Chickenpox vaccine increases the risk of shingles in younger adults. Shingles and chickenpox are both caused by the varicella-zoster virus both luckily there is a vaccine in order to reduce the risk of contracting both conditions. Chickenpox is more commonly seen in children and shingles are more common in older adults.
The Centers for Disease Control and Prevention (CDC) recommends that children one year of age to 12 years old receive their first varicella vaccine between 12 to 15 months of age and the second at four to six years of age. Children over the age of 13 should receive two additional doses of the varicella vaccine spaces between four to eight weeks apart.
For the singles vaccine that is recommended for adults over the age of 50 who have healthy immune systems. Originally the shingles vaccine was for those over the age of 60 but the FDA lowered the recommendation to 50 in 2011. The CDC has not put the shingles vaccine on their list of recommendations and many insurance companies do not pay for this vaccine which may lower the amount of people who actually receive it.
A recent study outlined that vaccinating one-year-olds for chickenpox could temporarily double the risk of shingles in young adults. When an infant is vaccinated it reduces the likelihood of adults being re-exposed to the virus. Re-exposure is important because it allows the body to create antibodies against shingles; therefore if adults are not re-exposed to the virus they are more likely to develop shingles.

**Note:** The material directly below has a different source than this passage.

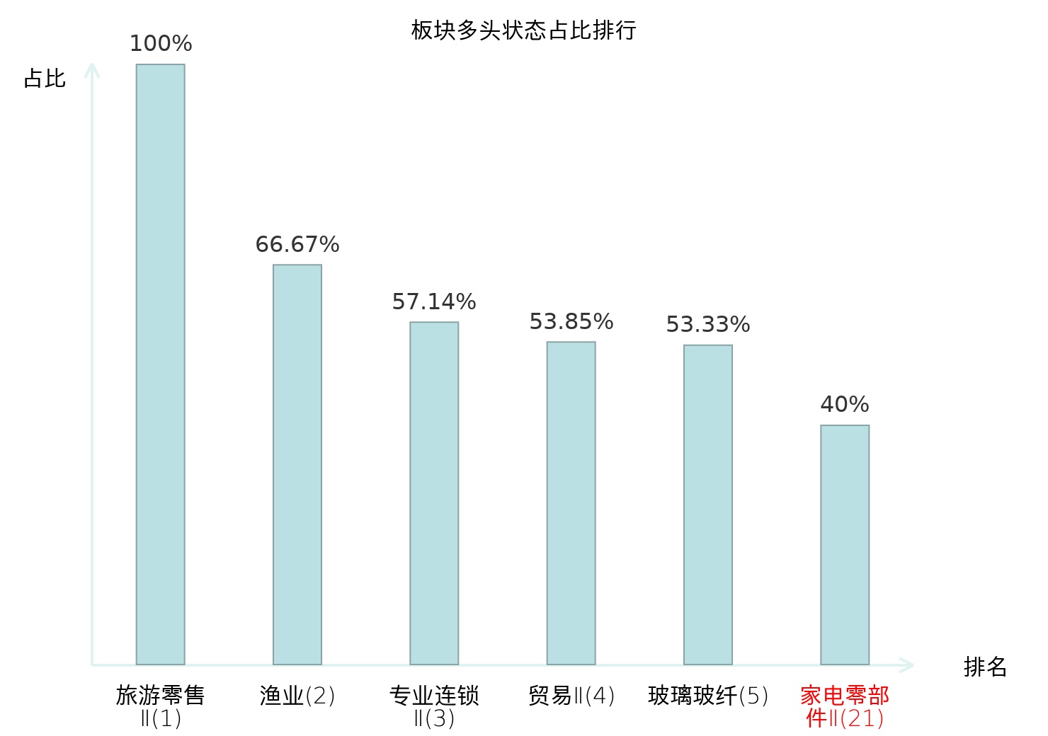 全市场所有行业板块中主力多头状态占比排名中,旅游零售Ⅱ板块位居第一。农业综合Ⅱ板块名次提升最快,较昨日上升83位。

The study predicted that the temporary effect in the rise of shingles could be seen in those aged 31 to 40 years. This is a younger age group than what is commonly seen to attract shingles which are seniors.

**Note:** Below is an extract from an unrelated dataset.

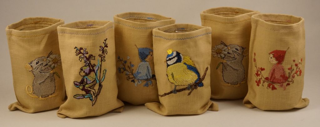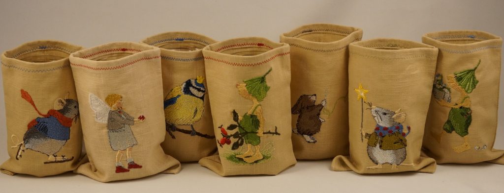 Die bunten Windlichtlein gebe ich für je 12 Euro her, ab 3 Stück je 10 Euro. Die wunderschönen Motive der ca. 17×11,5 cm großen Beutelchen stammen von Daniela Drescher, Nadelfein & Coradesign & wurden auf Leinen gestickt. Sie können im Brief oder zusammen mit dem Glas in einem Paket auf die Reise gehen:

Lead author Dr Benson Ogunjimi, said, “We were surprised to find that re-exposure to chickenpox is beneficial for so few years and also that the most pronounced effect of vaccination on increasing cases of shingles is in younger adults. Our findings should allay some fears about implementing childhood chickenpox vaccination.”
Some countries have already avoided universal chickenpox vaccination in order to reduce the rise in shingles in adults. The new model uses more accurate data than previous models which researchers suggest policy makers should consider when it comes to vaccination of children for the chickenpox.